Work instruction:
Retype each line of the data below exactly, beginning with the first and ending with the one that contains "Пояс УНГА-РУС эластичный". Pictures do not belong in the copy.

= Beginning of Section =

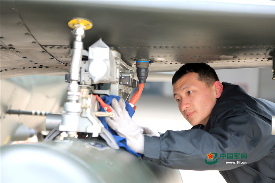 针对当前季节特点,陆军第26集团军某陆航团对直升机进行机务检查。何兵摄影
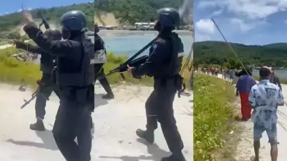 Sambil Bawa Senjata Laras Panjang, Brimob Usir Warga di Maluku yang Terlibat Bentrok: Kalian Mundur!
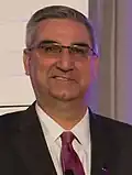 The 2012 Democratic nominee, former State House Speaker John R. Gregg, won the Democratic nomination.[17] State Representative Karen Tallian and Indiana Superintendent of Public Instruction Glenda Ritz both withdrew their candidacies.[18][19] State Representative Terri Austin, South Bend Mayor Peter Buttigieg, former Lieutenant Governor Kathy Davis, Kokomo Mayor Greg Goodnight, Lafayette Mayor Tony Roswarski, and House Minority Leader Scott Pelath declined to run for governor. Potential Democratic candidates include former United States Attorney for the Southern District of Indiana and former Secretary of State of Indiana Joe Hogsett, President and CEO of the Biocrossroads Initiative and nominee for the U.S. Senate in 2000 David Johnson, Hammond Mayor Thomas McDermott, Jr., physician, former Commissioner for the Indiana State Department of Health and candidate for Indiana's 7th congressional district in 2008, Woody Myers, former State Senate Minority Leader and nominee for lieutenant governor in 2012 Vi Simpson, U.S. Representative Pete Visclosky and former Evansville Mayor Jonathan Weinzapfel.[20][21][22][23][24][25] Former Governor and Senator Evan Bayh had considered running,[20] but has since announced he is running for the U.S. Senate in 2016.[26]
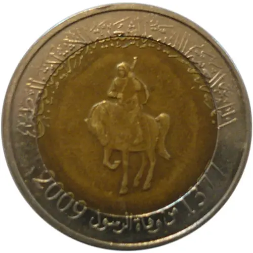 | Obverse lettering | الجماهرية العربية الليبية الشعبية الإشتراكية العظمى 2009 من وفاة ارسول 1377 (Translation: The Great People`s Socialist Arab Libyan Jamahiriya 1377 after the death of the prophet 2009) |
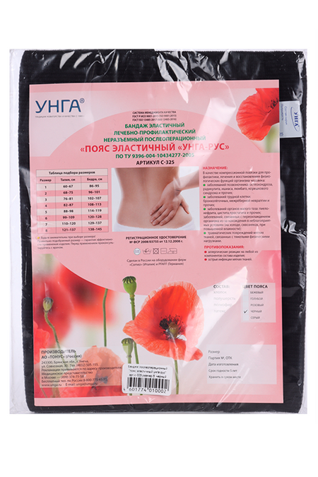 Пояс УНГА-РУС эластичный мед р 5, (С-325) черн
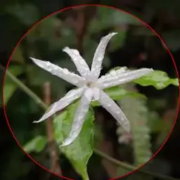 单瓣茉莉植株较矮小,高70-90厘米,茎枝较细,呈藤蔓型,故有"藤本茉莉"之称。 单瓣茉莉 叶片为椭圆形,叶质较薄,叶端稍尖,全缘,长5-9厘米,宽3,5-5,5厘米。花冠单层,裂片(花瓣)少,7-11片,每片长约1,3厘米,宽1厘米,呈椭圆形,洁白,表面微皱,顶端稍尖,所以又称尖头茉莉。
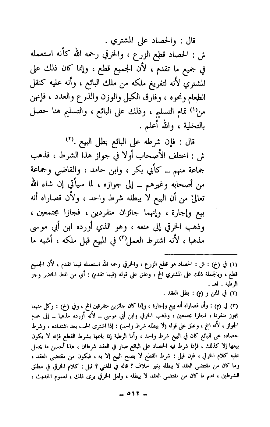 ش: الحصاد قطع الزرع، والخرقي - رَحِمَهُ اللَّهُ - كأنه استعمله في جميع ما تقدم، لأن الجميع قطع، وإنما كان ذلك على المشتري لأنه لتفريغ ملكه عن ملك البائع، وأنه عليه كنقل الطعام ونحوه، وفارق الكيل والوزن والذرع والعدد، فإنهن من تمام التسليم، وذلك على البائع، والتسليم هنا حصل بالتخلية، والله أعلم.
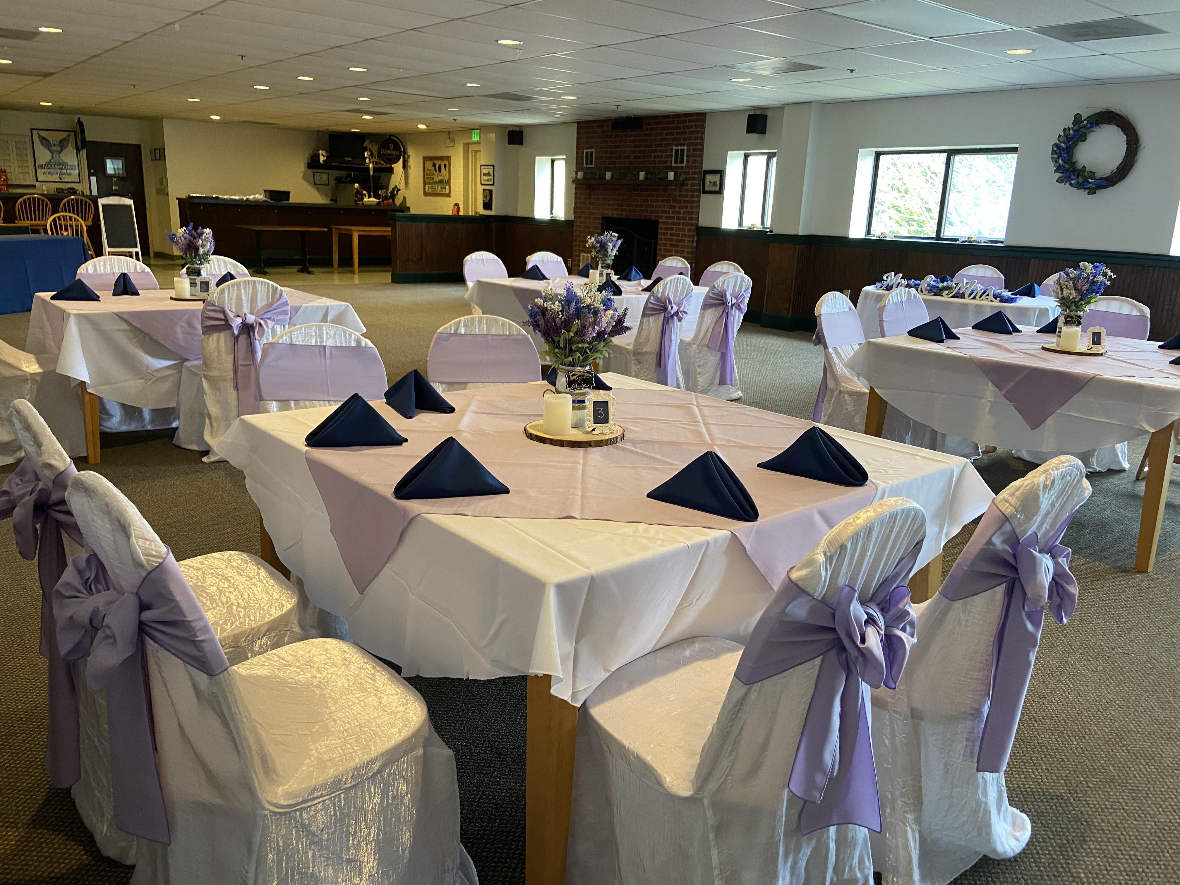 All the Comforts in Our Indoor Wedding Venue Spaces: • Host larger weddings up to 250 guests in our Meadowview banquet room • Customize the decor in either indoor space for a personalized wedding • Sit among large fireplaces for conversation, drinks, and photo ops • Fit your favorite band or DJ for a long night of dancing • Get the perfect photo every time with natural lighting from tall windows • Handicap accessible for every guest to enjoy the festivities
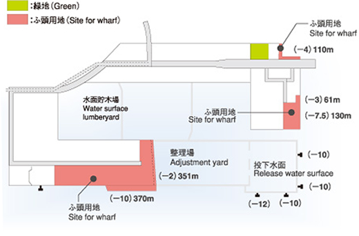 | Water surface timber storage yard | -1〜-2m | 21.2ha |
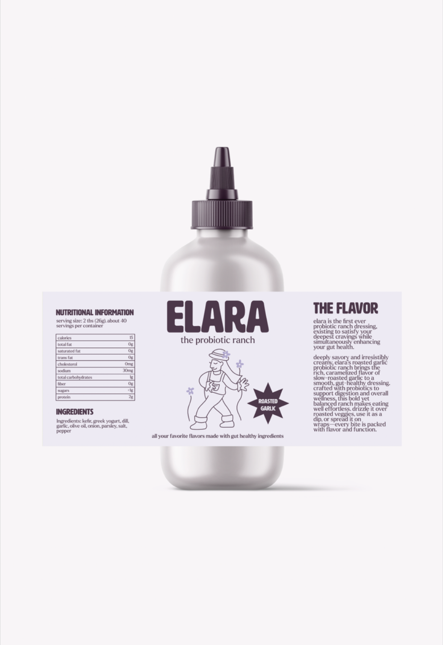 Elara is a project creating a gut-healthy ranch dressing that maintains bold flavors with health benefits. Elara emphasis on sustainable packaging, modern design, and promoting a balanced lifestyle through brand storytelling. This project is not only about redefining ranch dressing as a catalyst for healthier eating and living, but also about creating a sense of community by donating fresh foods with every purchase.
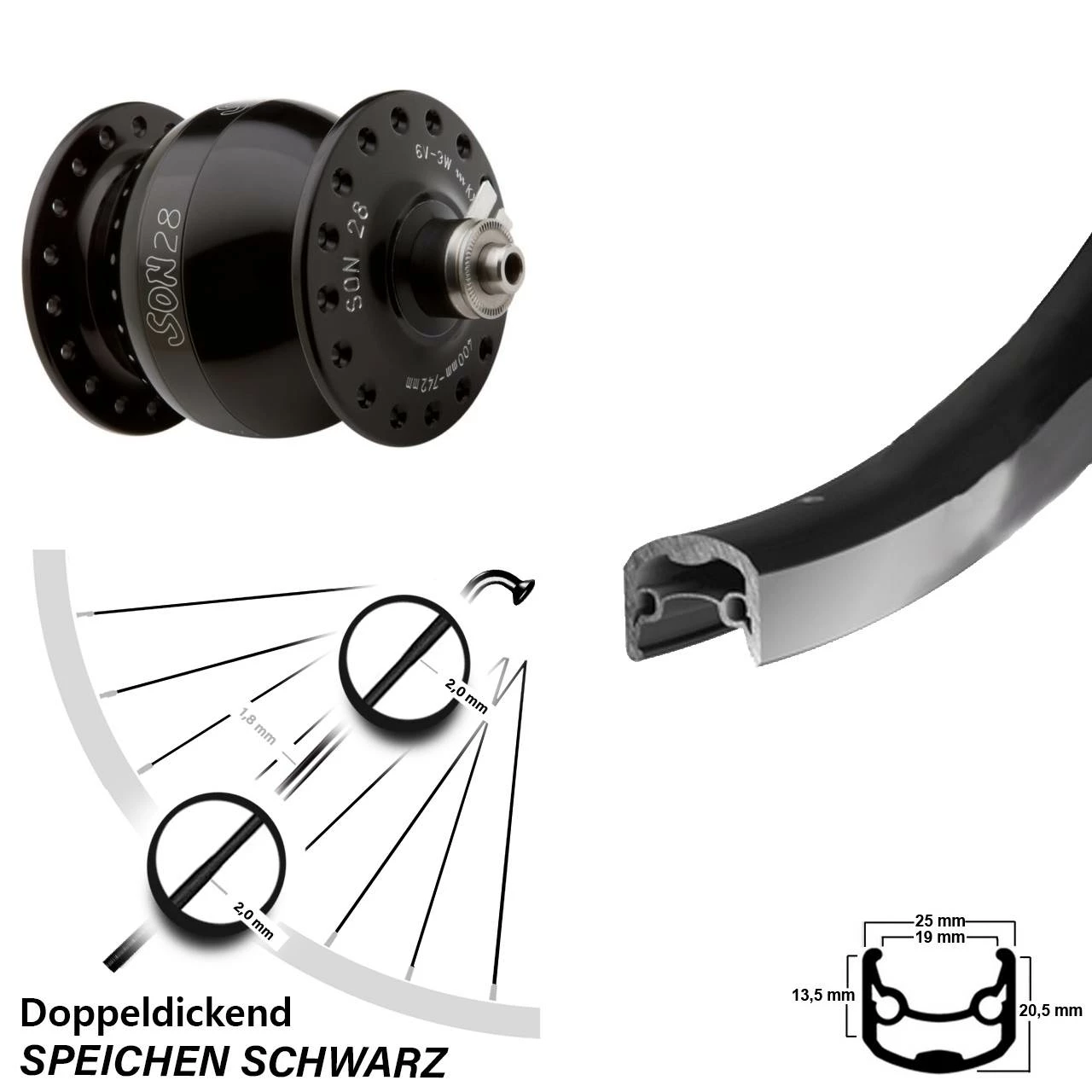 - Nabendynamo: SON 28 schwarz – besonders leichtläufig

= End of Section =

Result of the task:
 针对当前季节特点,陆军第26集团军某陆航团对直升机进行机务检查。何兵摄影
 Sambil Bawa Senjata Laras Panjang, Brimob Usir Warga di Maluku yang Terlibat Bentrok: Kalian Mundur!
 The 2012 Democratic nominee, former State House Speaker John R. Gregg, won the Democratic nomination.[17] State Representative Karen Tallian and Indiana Superintendent of Public Instruction Glenda Ritz both withdrew their candidacies.[18][19] State Representative Terri Austin, South Bend Mayor Peter Buttigieg, former Lieutenant Governor Kathy Davis, Kokomo Mayor Greg Goodnight, Lafayette Mayor Tony Roswarski, and House Minority Leader Scott Pelath declined to run for governor. Potential Democratic candidates include former United States Attorney for the Southern District of Indiana and former Secretary of State of Indiana Joe Hogsett, President and CEO of the Biocrossroads Initiative and nominee for the U.S. Senate in 2000 David Johnson, Hammond Mayor Thomas McDermott, Jr., physician, former Commissioner for the Indiana State Department of Health and candidate for Indiana's 7th congressional district in 2008, Woody Myers, former State Senate Minority Leader and nominee for lieutenant governor in 2012 Vi Simpson, U.S. Representative Pete Visclosky and former Evansville Mayor Jonathan Weinzapfel.[20][21][22][23][24][25] Former Governor and Senator Evan Bayh had considered running,[20] but has since announced he is running for the U.S. Senate in 2016.[26]
 | Obverse lettering | الجماهرية العربية الليبية الشعبية الإشتراكية العظمى 2009 من وفاة ارسول 1377 (Translation: The Great People`s Socialist Arab Libyan Jamahiriya 1377 after the death of the prophet 2009) |
 Пояс УНГА-РУС эластичный мед р 5, (С-325) черн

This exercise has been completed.